During the 1970s, the bank rate was fixed at a certain percentage rate for periods that typically lasted for months and then changed by a Bank of Canada announcement. In 1975, Prime Minister Pierre Elliott Trudeau introduced the Anti-Inflation Board, which sought to control wage and price increases. Correspondingly, the Bank of Canada began to try to cut inflation by raising interest rates in 1978 through 1981. This move was based on the theory that with high interest rates, consumers would be unwilling to borrow for goods such as houses and cars, and businesses would be unwilling to invest; thus, a rise in interest rates would cut down the demand for goods and services, which would reduce the upward pressure on prices. This policy (the use of interest rates to cut inflation) culminated in 1981 when the bank rate rose above 21 per cent and the prime lending rate was 22.75 per cent.
Canadian rates might not have reached such levels had it not been for the rise in rates in the United States, where a similar monetarist policy was in effect (see Monetary Policy). When American rates rise and Canadian rates do not follow, money tends to flow to the US as lenders seek the higher return on their loans. This outflow pushes the value of the Canadian dollar down relative to the value of other foreign currencies, such as the American dollar. Imported goods then cost more in Canadian dollars (see Imports), and this tends to raise the inflation rate in Canada. One way to break the close connection between Canadian and American interest rates is to control the flow of money in and out of Canada, as was done during the Second World War by a system of exchange controls (see Exchange Rates).

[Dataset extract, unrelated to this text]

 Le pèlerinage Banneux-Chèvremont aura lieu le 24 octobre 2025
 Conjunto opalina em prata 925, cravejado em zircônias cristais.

The overnight rate refers to the interest rate used by large banks in the overnight market to lend and borrow from each other. In Canada, the Bank of Canada sets a target rate for the overnight rate, which it refers to as the policy interest rate. In March 1980, the Bank of Canada shifted to a system under which the bank rate was changed each week to match changes in the rate paid by the federal government to borrow money for 90 days by selling treasury bills. In February 1996, the Bank of Canada adopted a new approach. It began setting the bank rate at the upper limit on a one-half-percentage-point range (e.g., 0.75 per cent to 1.25 per cent) for overnight loans to financial institutions — over which it has more control than the rate on 90-day treasury bills. The range, or operating band, is fixed by the bank and is only adjusted when the bank wants a change in other short-term rates, such as for consumer and business loans. For example, the bank rate was changed five times in 1998. At the end of 1998, the bank rate was 5.25 per cent, which was the top of the 4.75 to 5.25 per cent operating band. Other lenders, usually, quickly match changes in the bank rate with increases or decreases in their prime rates, to which consumer and business loans are tied. In November 2000, the Bank of Canada announced that it planned to introduce eight fixed dates each year to announce changes to the overnight rate. Fixed announcements of possible interest rate changes ensure less speculation about a rate that affects not only large banks, but consumer loan and mortgage rates, as well as the exchange rate for the Canadian dollar.